Colorado May Be First to Dump Compulsory Education

IN Colorado, the truant student's dream could come true next year. When the state legislature reconvenes next month, it will consider cutting loose truants and troublemakers who don't want to be in school by repealing all compulsory-education laws.

Frustration with disruptive students is high in public schools nationwide. But Colorado is the first state to consider such a drastic way to deal with the problem of creating safe environments for learning.

''School is chosen as the first line of detention because it's there,'' says state Rep. Russell George (R), who initiated the bill. ''But what is the cost of using the public school to hold these students? I think it's time to analyze the whole issue of compulsory education.''

If passed in its present form, the proposal would remove all constraints on children attending school. Colorado students would not be required to report to school at any age or stay in school to any age.

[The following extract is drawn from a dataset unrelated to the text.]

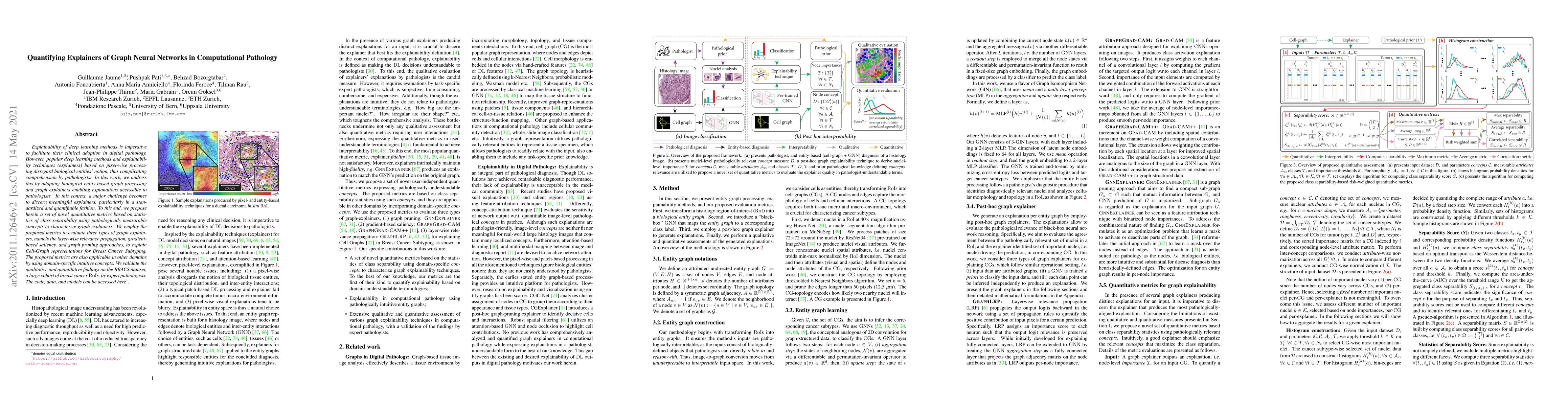 Explainability of deep learning methods is imperative to facilitate their clinical adoption in digital pathology. However, popular deep learning methods and explainability techniques (explainers) based on pixel-wise processing disregard biological entities' notion, thus complicating comprehension by pathologists. In this work, we address this by adopting biological entity-based graph processing and graph explainers enabling explanations accessible to pathologists. In this context, a major challenge becomes to discern meaningful explainers, particularly in a standardized and quantifiable fashion. To this end, we propose herein a set of novel quantitative metrics based on statistics of class separability using pathologically measurable concepts to characterize graph explainers. We employ the proposed metrics to evaluate three types of graph explainers, namely the layer-wise relevance propagation, gradient-based saliency, and graph pruning approaches, to explain Cell-Graph representations for Breast Cancer Subtyping. The proposed metrics are also applicable in other domains by using domain-specific intuitive concepts. We validate the qualitative and quantitative findings on the BRACS dataset, a large cohort of breast cancer RoIs, by expert pathologists.

Forty years ago, several Southern states briefly revoked their attendance mandates after the Supreme Court ordered desegre-gation. Then, the goal was to keep white students from having to attend school with blacks. But this is the first serious reexamination of the school-attendance requirements put in place nationwide a century ago.

Today, every state in the country has a compulsory-attendance law, though the age requirements vary. Under current Colorado law, children between 7 and 16 must

attend school. Other states require students to enroll in school as early as five years old or as late as eight years old. The upper-age requirements range from 16 years old to 18 years old.

Critics call the idea of eliminating attendance requirements absurd. ''The current laws on the books are not being enforced,'' says Janice Chmela, editor of the Journal for Truancy and Dropout Prevention. ''If the laws were enforced you'd have less serious juvenile crime.''

But Mr. George, the Colorado lawmaker, is not so sure. ''The effect of enforcing truancy laws is that you make it harder for students who want to learn and teachers who want to teach,'' he says. Perhaps regular public schools would be better off without students who do not want to be there, he argues.

But the cost of eliminating school-attendance requirements could be high, Ms. Chmela warns. ''It's a case of pay me now or pay me later,'' she says. ''You're either going to spend the money to salvage these kids early or you're going to have to spend three times as much to house them in prisons.''

Although he wrote the proposal, even George says he is not promoting a total abolition of school-attendance laws. Instead, he wants to spark discussion about the issue. ''I don't want to ignore that this is a two-sided coin,'' he says. ''We can't ignore what happens to the kids who are moved out of the public schools.''

The legislator says he does not expect this bill to pass in its present form and would not even support it. In the end, he predicts only slight changes in the state's compulsory-attendance laws. ''If the majority of the people who come to testify will admit that compulsory education is part of the problem, we might experiment with dropping the requirement down a year or two from 16 to 15.''

The issue has been simmering below the surface for some time. After decades of addressing the dropout problem in schools, some educators are beginning to see another problem arising from the successful retention of more students.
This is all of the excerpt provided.